Loi Badinter : indemnisation intégrale malgré des circonstances indéterminées

Tribunal judiciaire de Paris : 4 811,49 EUR accordés à une victime malgré des circonstances d'accident indéterminées, en application de la loi Badinter.

Indemnisation accordée

4 811,49 EUR

indemnisation du préjudice matériel accordée à la victime

Tribunal judiciaire de Paris, pôle civil de proximité, 1er septembre 2026, n° RG 25/02580

Par La Gazette des Victimes | | 7 min de lecture

Source : Tribunal judiciaire de Paris

Note de la rédaction : Cet article a été rédigé à partir d’un extrait de la décision. Consultez le texte intégral sur Judilibre ou Légifrance pour les détails complets.

En bref : Le tribunal judiciaire de Paris (pôle civil de proximité) a condamné le 1er septembre 2026 la SA SMA à verser 4 811,49 EUR à la SAS PETIT FORESTIER LOCATION au titre de son préjudice matériel, en application de la loi du 5 juillet 1985. Le tribunal retient que les circonstances de l’accident sont demeurées indéterminées et que, faute de preuve d’une faute de la victime, celle-ci conserve un droit à indemnisation intégral.

Faits et procédure

Le 28 juillet 2021, un accident de la circulation est survenu entre deux camions : l’un, appartenant à la SAS PETIT FORESTIER LOCATION, était à l’arrêt ; l’autre, dont le conducteur est assuré auprès de la SA SMA, effectuait une manœuvre de recul.
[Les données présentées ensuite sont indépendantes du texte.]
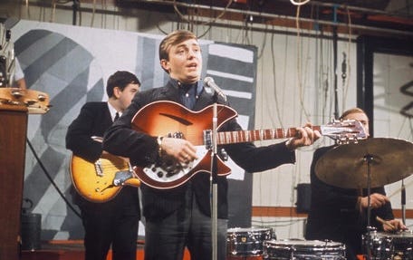 The factory designation for the guitar was 360S/12—“S” for “Special”. So what was it, exactly? Well, Marsden’s guitar was identical to Harrison’s apart from the new-for-1964 crushed pearl triangle inlays, and the 360S/12 was identical to Marsden’s…apart from having a Rose Morris-style f-hole. Thus the “Special”. I’d love to show you a good picture of that guitar today, but…
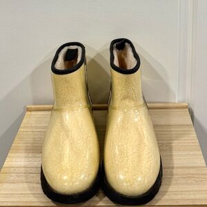Authentic UGG women’s waterproof ankle boots featuring a clear exterior and soft shearling lining. Comfortable, warm, and perfect for rain or winter weather. Rubber sole provides good traction.
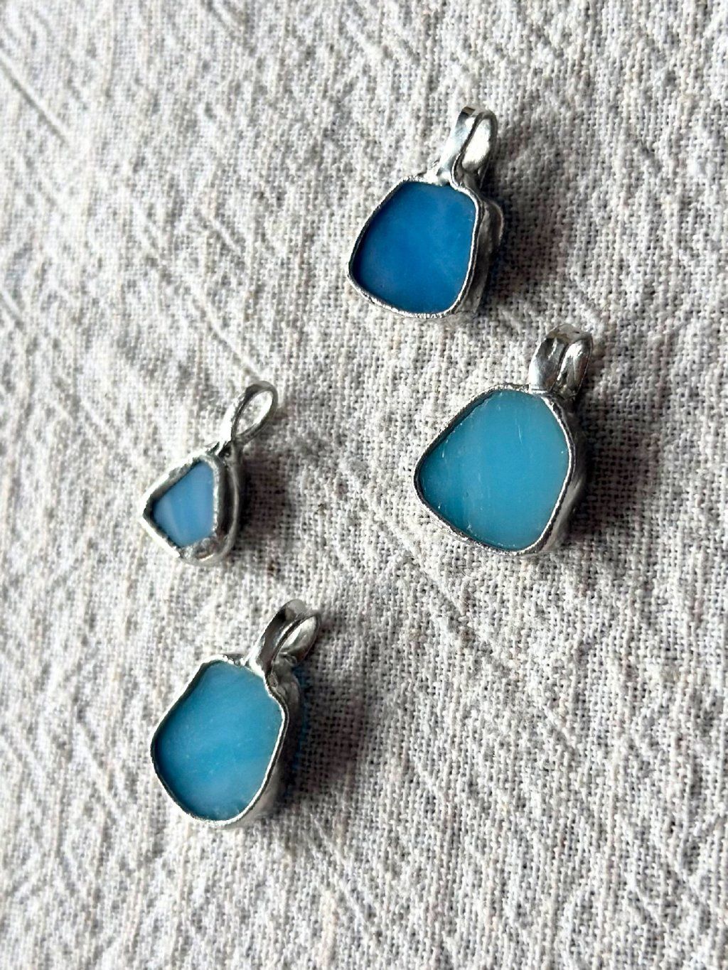 Použité sklo má svou minulost. Nese v sobě jemné nedokonalosti, struktury a odlesky, které by v novém materiálu nikdy nevznikly. Právě tyhle detaily dělají šperk tím, čím je – syrovým, autentickým a přirozeně výrazným. Cín vytváří pevný rám, který fragment drží, ale zároveň ho nechává vyniknout. Upcyklované sklo v kombinaci s cínem vytváří jedinečné artefakty na pomezí šperku a relikvie.

Le constat des lieux, signé contradictoirement par les parties le jour même, mentionne qu’« en reculant, le chauffeur a heurté [le] camion à gauche ».

Par acte de commissaire de justice du 2 avril 2025, la SAS PETIT FORESTIER LOCATION a fait assigner la SA SMA devant le tribunal judiciaire de Paris, pôle civil de proximité. La demanderesse à l’assignation sollicitait la condamnation de la défenderesse à lui verser 4 811,49 EUR au titre de son préjudice matériel (décomposé en 3 595 EUR de frais de réparation, 192,08 EUR de frais d’immobilisation pour quatre jours, 200 EUR de frais de gestion, 74,41 EUR de frais d’expertise et 750 EUR de frais de publicité), avec intérêts au taux légal à compter de la mise en demeure du 9 décembre 2021, ainsi que 1 000 EUR au titre d’une résistance abusive, outre 1 300 EUR au titre des frais irrépétibles.
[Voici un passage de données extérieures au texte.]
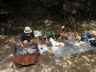 なかなか火をおこせず悪戦苦闘していたら、隣でBBQをしていた方が
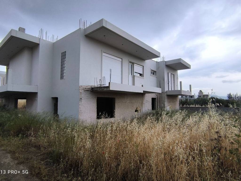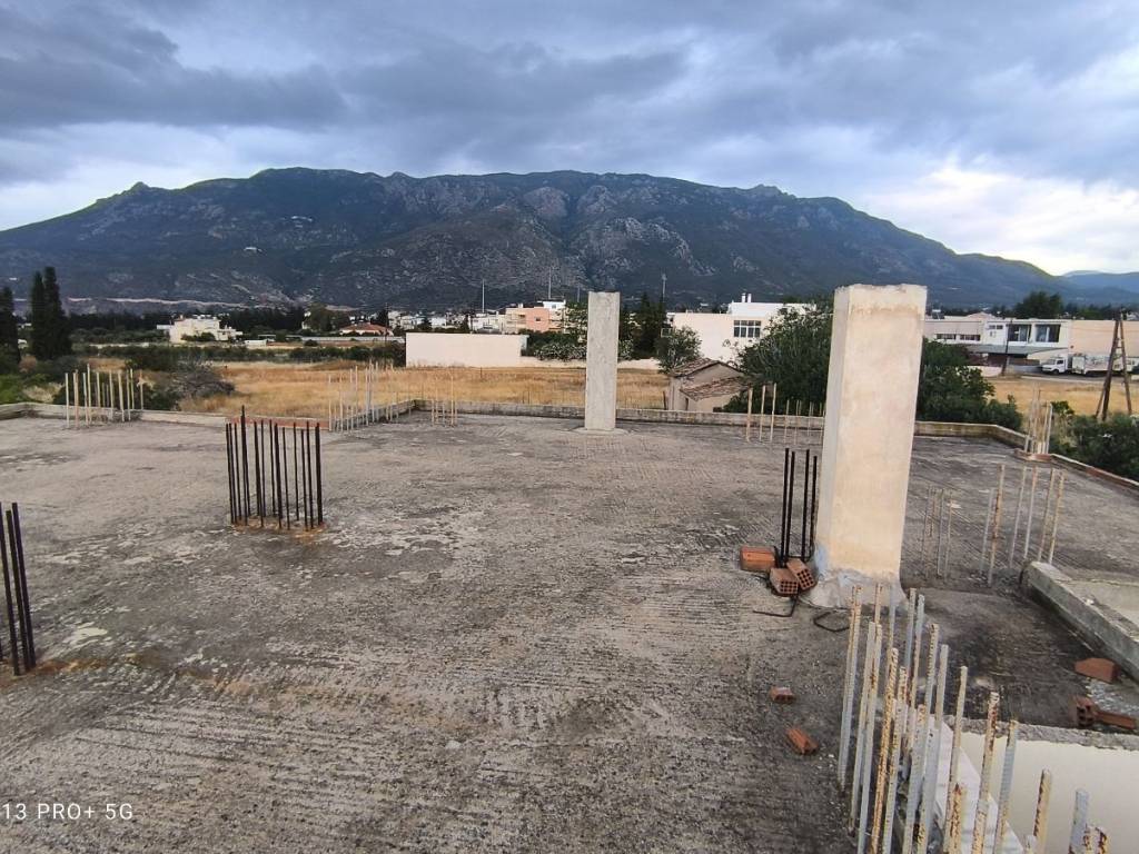 FOR SALE – BUILDING 310 sq.m. ON A PLOT OF 815 sq.m. – QUIET AREA OF LOUTRAKI, CLOSE TO THE CENTER In a quiet and privileged location of Loutraki, just a few minutes from the town center, the casino, shops, and supermarket, a building of 310 sq.m. is available for sale, situated on a plot of 815 sq.m. It features spacious outdoor areas at the front and back, as well as the potential for further construction. Ground floor (155 sq.m.): Concrete structure – can be configured as an independent apartment with private parking or used as storage and parking space. First floor (155 sq.m.): Semi-finished residence with a spacious living room (fireplace pre-installation), kitchen with cabinets, 3 bedrooms (one master with en-suite bathroom), and an additional large bathroom. The property features aluminum window frames, floor tiles in most areas, and pre-installation for heating. Only a few finishing works are required for completion. There is also the possibility of constructing an additional 155 sq.m. on the roof, offering unobstructed mountain and sea views. A property with great potential for a residence, investment, or touristic exploitation.
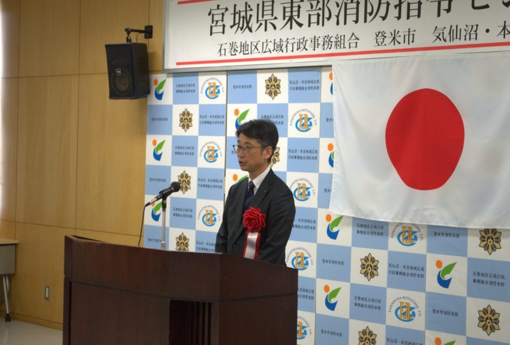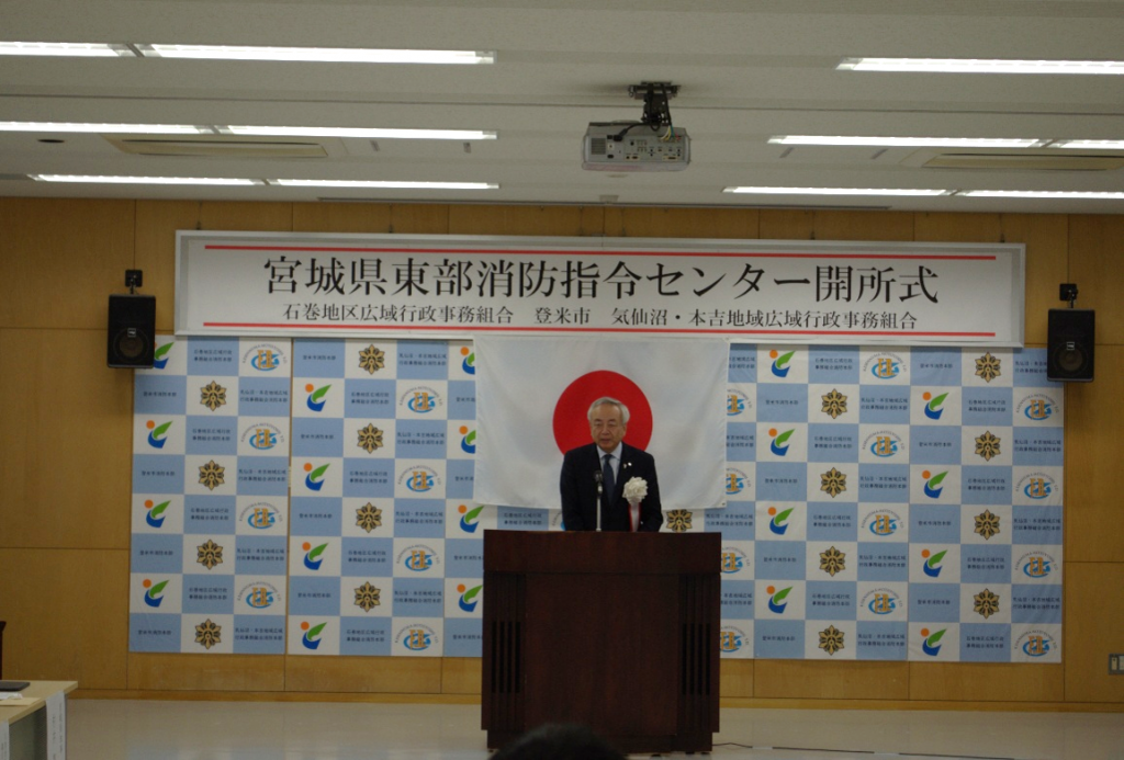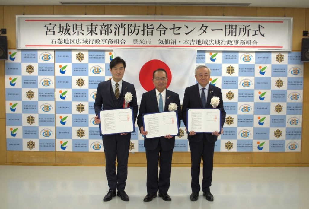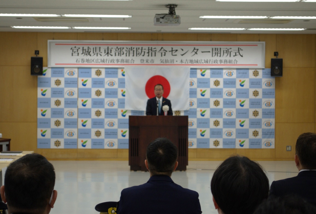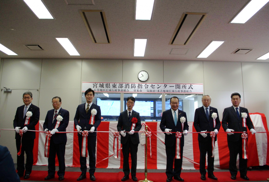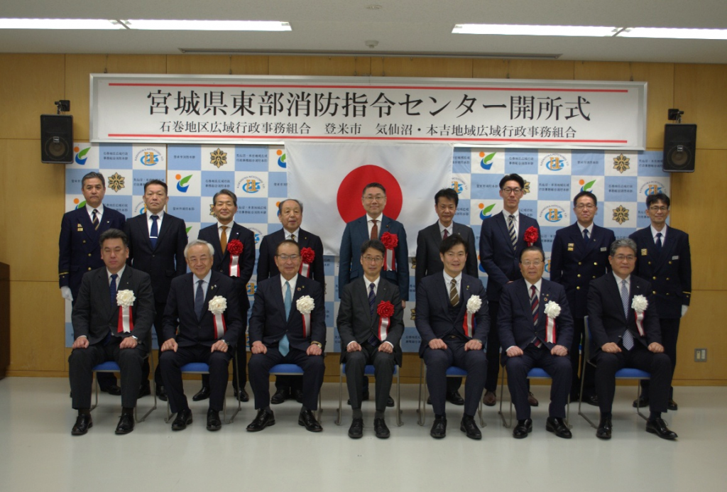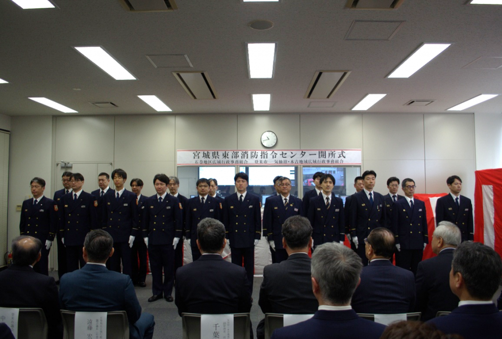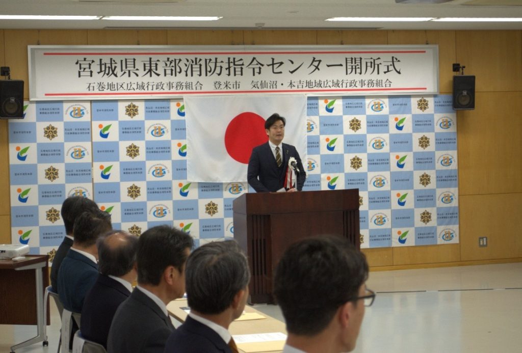 令和8年4月1日から「石巻地区」、「登米市」、「気仙沼・本吉地域」の3消防本部が共同で119番通報の受付や消防署・救急車の出動指令を行う宮城県東部消防指令センターの運用を開始し、開所式が4月4日、石巻地区消防本部で行われました。

À l’audience du 5 juin 2026, la SA SMA a demandé que l’indemnisation soit limitée à 1 930,74 EUR, que la condamnation au titre des frais irrépétibles soit réduite, et que les autres prétentions soient rejetées. L’affaire a été mise en délibéré, puis le jugement a été rendu par mise à disposition au greffe le 1er septembre 2026, statuant en juge unique.

Le raisonnement de la décision

Le tribunal rappelle en premier lieu le mécanisme de l’action directe : en application des articles L.124-3 et L.124-4 du code des assurances, le tiers lésé peut agir directement contre l’assureur garantissant la responsabilité civile de la personne responsable. C’est cette action directe que la SAS PETIT FORESTIER LOCATION a mise en œuvre contre la SA SMA, assureur du conducteur du camion ayant percuté son véhicule.
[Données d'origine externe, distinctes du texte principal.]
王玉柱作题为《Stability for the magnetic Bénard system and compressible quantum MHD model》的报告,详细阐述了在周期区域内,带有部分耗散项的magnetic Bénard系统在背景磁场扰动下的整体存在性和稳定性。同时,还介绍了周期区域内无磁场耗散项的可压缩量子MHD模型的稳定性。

Sur le droit à indemnisation. L’article 1er de la loi du 5 juillet 1985 s’applique aux victimes d’un accident de la circulation impliquant un véhicule terrestre à moteur, sans qu’une faute du conducteur mis en cause soit requise. Le tribunal constate que l’accident, l’implication du véhicule assuré par la SA SMA (par contact matériel constaté) et le dommage matériel contemporain ne sont pas contestés. Il rappelle qu’un véhicule est nécessairement impliqué dès lors qu’il a heurté celui de la victime, qu’il soit à l’arrêt ou en mouvement, et que l’implication fait présumer l’imputabilité du dommage, présomption que seul le conducteur peut renverser en démontrant que l’accident est sans relation avec le dommage — ce qui n’était pas le cas en l’espèce.

Sur l’étendue du droit à indemnisation. L’article 5 de la loi de 1985 dispose que la faute de la victime peut limiter ou exclure l’indemnisation des dommages aux biens. La charge de la preuve d’une telle faute incombe à celui qui s’en prévaut. La SA SMA invoquait que le camion de la SAS PETIT FORESTIER LOCATION ne se trouvait pas sur un emplacement de stationnement. Le tribunal relève cependant que le croquis annexé au constat amiable ne comporte pas de légende permettant de définir la zone de stationnement, et qu’il n’est donc pas établi que le véhicule était irrégulièrement stationné plutôt que simplement à l’arrêt. Le tribunal en déduit que « les circonstances de l’accident sont demeurées indéterminées ».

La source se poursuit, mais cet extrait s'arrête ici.